Я опустил ружье. Теперь я уже сам видел, что ошибся. Действительно, это была бабочка совка. Энтомологи называют ее Thysania agrippina. Люди, живущие в лесу, уже рассказывали мне о ней, и тем не менее, узрев этого великана, я остолбенел, как всегда, когда я сталкиваюсь с безумным размахом здешней природы.
Схватив сачок, я погнался за совкой, но поймать ее мне не удалось. Она уселась было на ствол дерева неподалеку от нас, но, услыхав, что я продираюсь сквозь кусты, снова замелькала среди деревьев. Вскоре это фантастическое создание лихорадящего леса навсегда исчезло в хаосе зелени. Я все-таки пожалел, что не выстрелил в нее.
Самые чудесные бабочки в мире это, несомненно, морфиды. Их крылья вобрали в себя всю голубизну океанов, всю небесную лазурь. От них исходит волшебное сияние, они ослепительно переливаются всеми оттенками синего цвета. Все путешественники, бывавшие в Южной Америке, признают, что вид летящей бабочки морфо каждый раз оказывался для них радостным откровением.
Часто случалось, что я возвращался с охоты вконец обессиленный жарой и ужасной духотой, едва волоча ноги. Но когда в такие минуты среди деревьев появлялась бабочка морфо, сверкающая в солнечных лучах, как голубая звезда, я отчетливо ощущал, как проходит моя усталость и меня обволакивает благодатная прохлада, словно с далекого моря повеяло легким ветерком. И я бодро шагал дальше. Южноамериканская природа, сотворив бабочку морфо, создала самое великолепное из насекомых, обитающих в тропиках.
Вот уже несколько дней я налаживаю приятельские отношения с одной изумительной бабочкой. Я встречаю ее ежедневно на одном и том же месте у лесной тропинки. Когда я подхожу, она взлетает, описывает надо мной несколько кругов и улетает в лес. Со временем между нами устанавливается определенная близость. Теперь бабочка уже не так пуглива, как раньше, и позволяет мне подходить совсем близко. Это невероятно красочная представительница рода Katonefele. На бархатисто-черном фоне ее крыльев вырисовываются две оранжево-желтые полосы. Два сочных цвета, черный и желтый, поразительно гармонично сочетаются друг с другом.

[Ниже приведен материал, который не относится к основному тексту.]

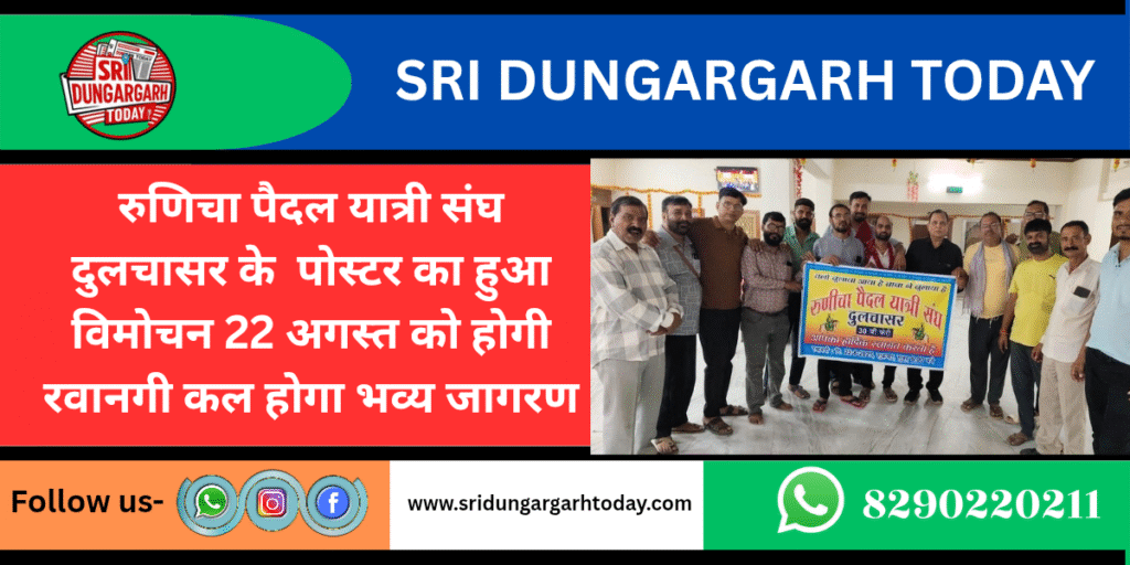 रुणिचा पैदल यात्री संघ दुलचासर के अध्यक्ष संदीप कुमार मूंधड़ा दुलचासर एवं संघ संरक्षक मूलचंद मूंधड़ा द्वारा बाबा के भक्तों की मौजूदगी में पोस्टर का विमोचन हुआ संघ अध्यक्ष संदीप कुमार मूंधड़ा ने बताया कि 22 अगस्त को सुबह 6:00 बजे बाबा रामदेव जी के मंदिर से दिव्य ज्योत प्रचलित कर ढोल नगाड़ों के साथ धूमधाम से रवाना होगा रुणिचा पैदल यात्री संघ दुलचासर की यह 30 वीं फेरी होगी। कल 21 अगस्त को सायंकाल 6 बजे से रात्री 12बजे तक बाबा के भव्य जागरण का आयोजन होगा बाबा रामदेव मित्र मंडल मगरा क्षेत्र अपने भजनों की प्रस्तुतियां देंगे। संघ के पदाधिकारी आयोजन को लेकर तैयारियों में जुटे हुए है।

Бабочка эта становится дорога мне, потому что напоминает о Басе. Когда-то, гуляя с дочкой по рогалинским лугам над Вартой, мы так же подружились с одной бабочкой, только то была лимонница. Вот почему моя крылатая приятельница так дорога мне здесь, на Укаяли. Всякий раз, когда я приближаюсь к месту нашей встречи, сердце мое начинает взволнованно биться и одновременно наполняется беспокойством за жизнь моей любимицы. В девственном лесу этой крошке грозит множество опасностей.
Но есть и еще одна причина моей симпатии. Некогда я был знаком в Ливерпуле с одной молодой англичанкой. Я прекрасно помню, как она была восхитительна в платье из черного бархата, отделанном золотисто-оранжевой лентой. И вот, любуясь этой бабочкой, я вижу то же сочетание цветов. Словом, у меня есть основания относиться к прелестной катонефеле с большой теплотой.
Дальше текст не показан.